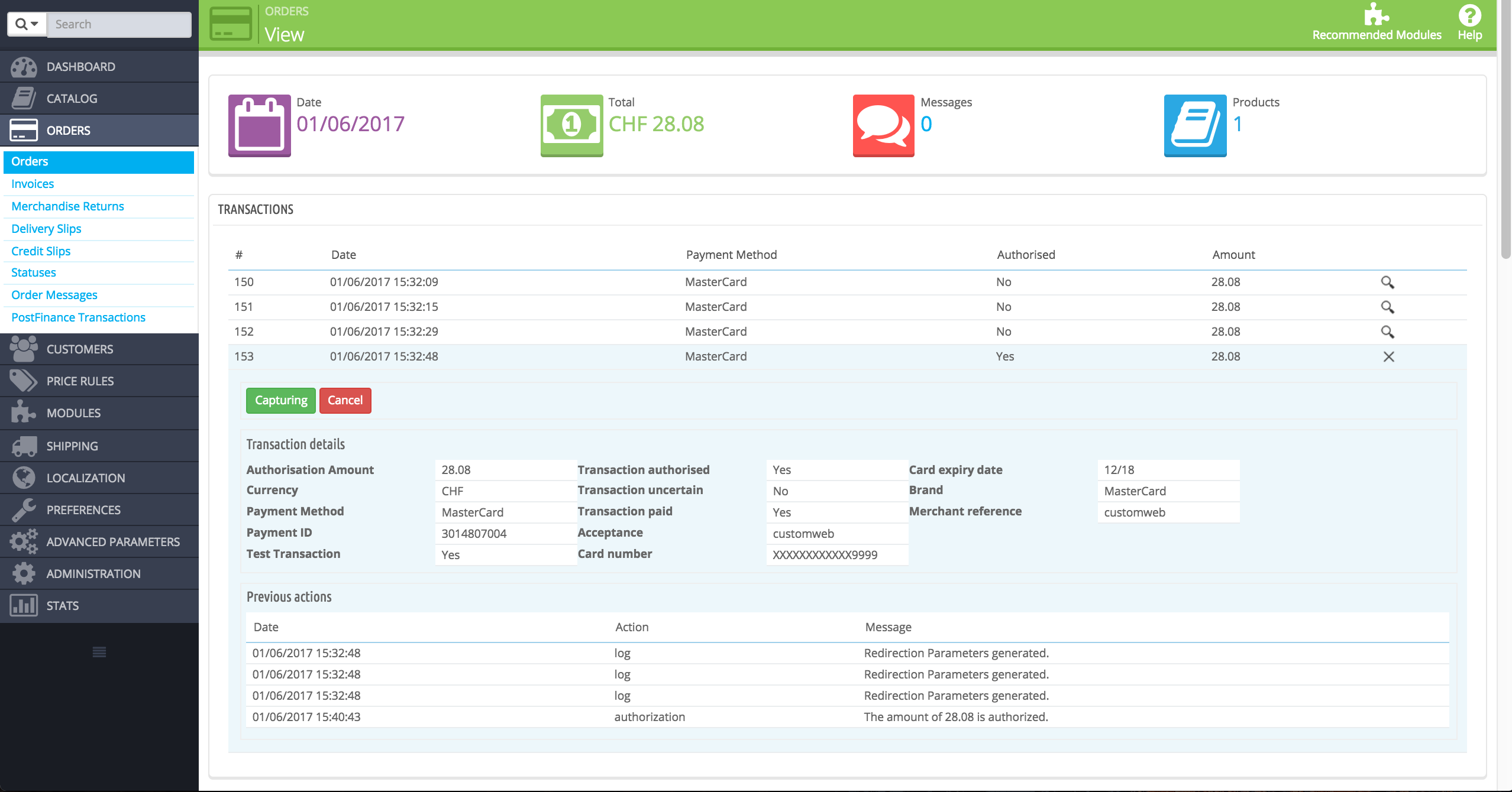 Abbildung 6.1: Erstattung von Transaktionen in PrestaShop
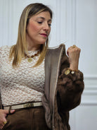 La modella è alta 160 cm e indossa la taglia unica (veste comodamente dalla 40 alla 44).
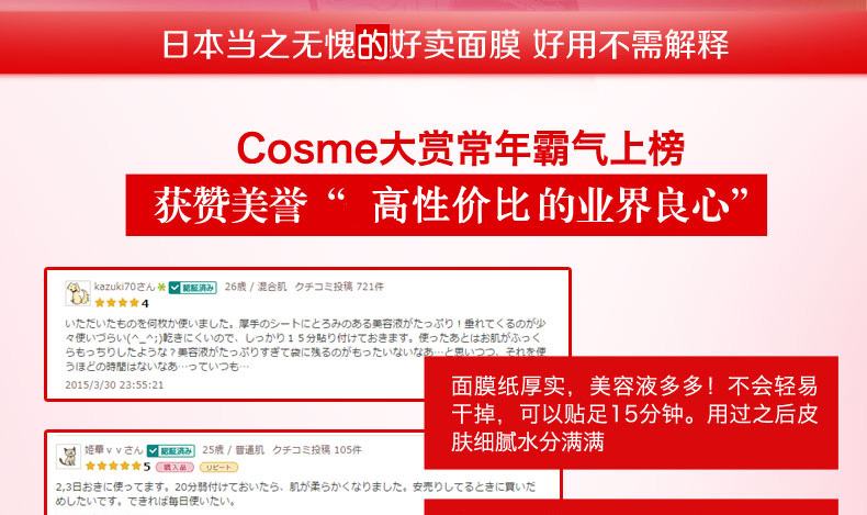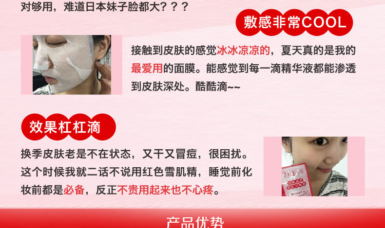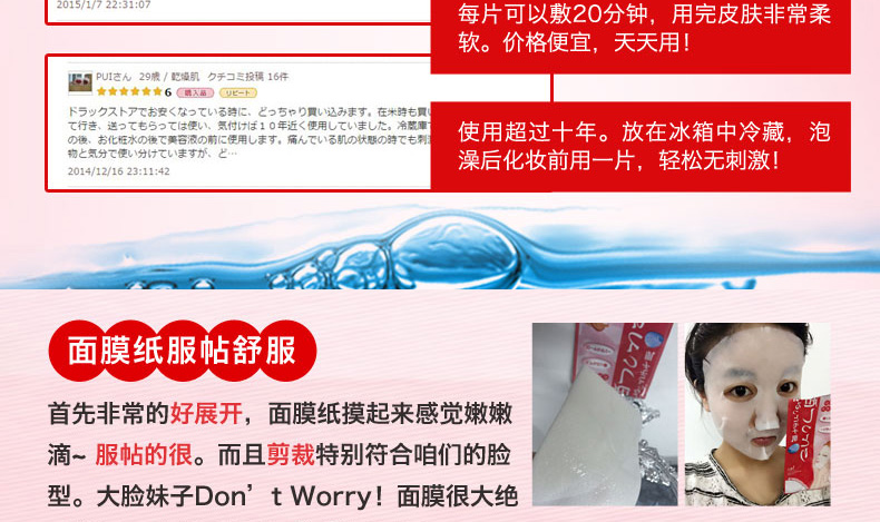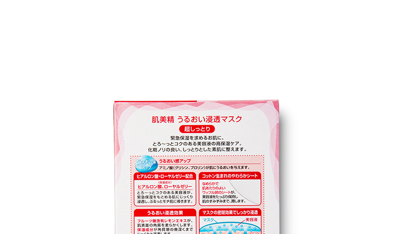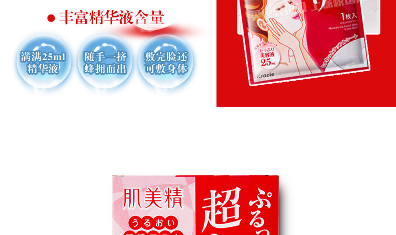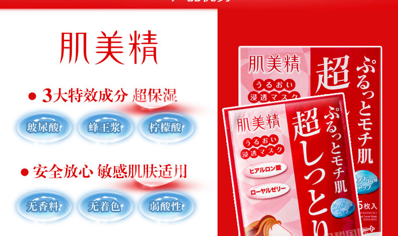 2盒裝肌美精kracie超浸透保濕面膜 緊急補水滲透補水 5片/盒*2—— 1、蘊含玻尿酸,蜂王漿及檸檬酸等三大成分。 2、特殊網格微導棉制成,精華快速滲透。 3、剪裁更立體,面膜更服帖。 |
◇ ◇ ◇ ◇ ◇ ◇ ◇
What is being asked
Lines from the one holding "La modella è" to the end of the data, both ends included, are to be given again exactly; no pictures belong in the copy.

Result
 La modella è alta 160 cm e indossa la taglia unica (veste comodamente dalla 40 alla 44).
 2盒裝肌美精kracie超浸透保濕面膜 緊急補水滲透補水 5片/盒*2—— 1、蘊含玻尿酸,蜂王漿及檸檬酸等三大成分。 2、特殊網格微導棉制成,精華快速滲透。 3、剪裁更立體,面膜更服帖。 |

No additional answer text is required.